Edison Effect
In early 1880, Thomas Edison and his team were hard at work trying to find a light bulb filament that worked well. He had already settled on a carbonized (burned) bamboo filament, but even this solution was not perfect. After glowing for a few hours, carbon from the filament would be deposited on the inside walls of the bulb, turning it black. This would not do.
Edison tried to understand what was happening. His assistant noticed that the carbon seemed to be coming from the end of the filament that was attached to the power supply, and seemed to be flying through the vacuum onto the walls of the bulb.
Edison determined that not only was carbon flying through the vacuum, but that it carried a charge. That is, electricity was flowing not only through the filament but also through the evacuated bulb. In order to measure this flow, he made a special bulb with a third electrode, to which he could attach an instrument to measure the current. He reasoned that if the current would flow between the two ends of the filament, it would also flow to this third electrode.
While he was proven to be right about the flow, Edison could not explain it, and the third electrode did not prevent blackening of the bulb, so he moved on to other experiments. But he did patent the new device, because he believed that it might have some commercial applications, such as measuring electric current.

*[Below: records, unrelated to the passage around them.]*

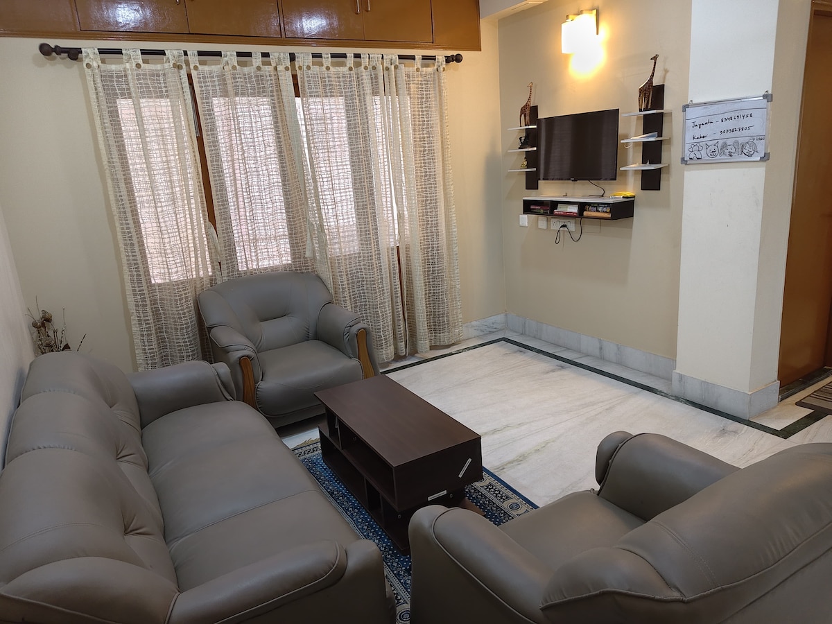 Ikhaya lethu liphakathi ne-Newtown, e-Kolkata. Isikhumulo sezindiza samazwe ngamazwe, ibhasi, i-metro, i-movie yaseshashalazini, izinxanxathela zezitolo, izimakethe, izibhedlela, amahhovisi e-IT, izindawo eziheha izivakashi futhi njll , zonke zisondelene. Sikunikeza ihholo elivulekile eline-smart T. V., indawo yokudlela, ikhishi elinakho konke, amakamelo angu-2 ane-air-conditioned anezindlu zokugezela ezinamathiselwe namabhalkoni anombhede ongu-1 wosayizi wenkosi, umbhede ongu-1 omkhulu kanye nomatilasi owengeziwe ongahlalisa abantu abangu-6 abane- ₹800 ubusuku ngabunye esivakashini sesi-6.
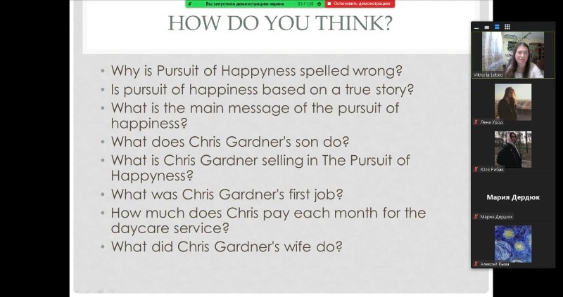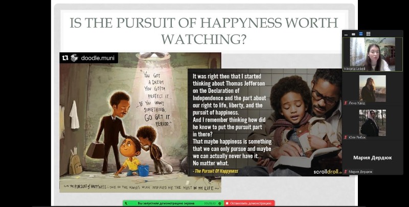 Якщо вам потрібно отримати ударну дозу мотивації, сміливо вмикайте «У гонитві за щастям». Цей фільм вразив студентів групи ТУ-1-12а факультету готельно-ресторанного та туристичного бізнесу імені проф. В.Ф. Доценка і змусив переглянути своє ставлення до багатьох речей. Не здаватися за жодних обставин – цей слоган повинен звучати у кожному з нас.
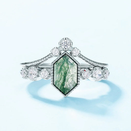 Geometric Natural Green Moss Agate Stackable S925 Sterling Silver Ring Set

Although he did not realize it, Edison had discovered the basis of the electron tube (also called a vacuum tube). Many years later, modified light bulbs would be used not to make light, but to control a flow of electrons through a vacuum. The electron tube would become the basis of modern electronics. Years later, when he was elderly, the discovery of what became known as the “Edison Effect” was remembered, but because Edison had no idea what it was or how it worked, he is rarely given credit for this contribution to the development of electronics.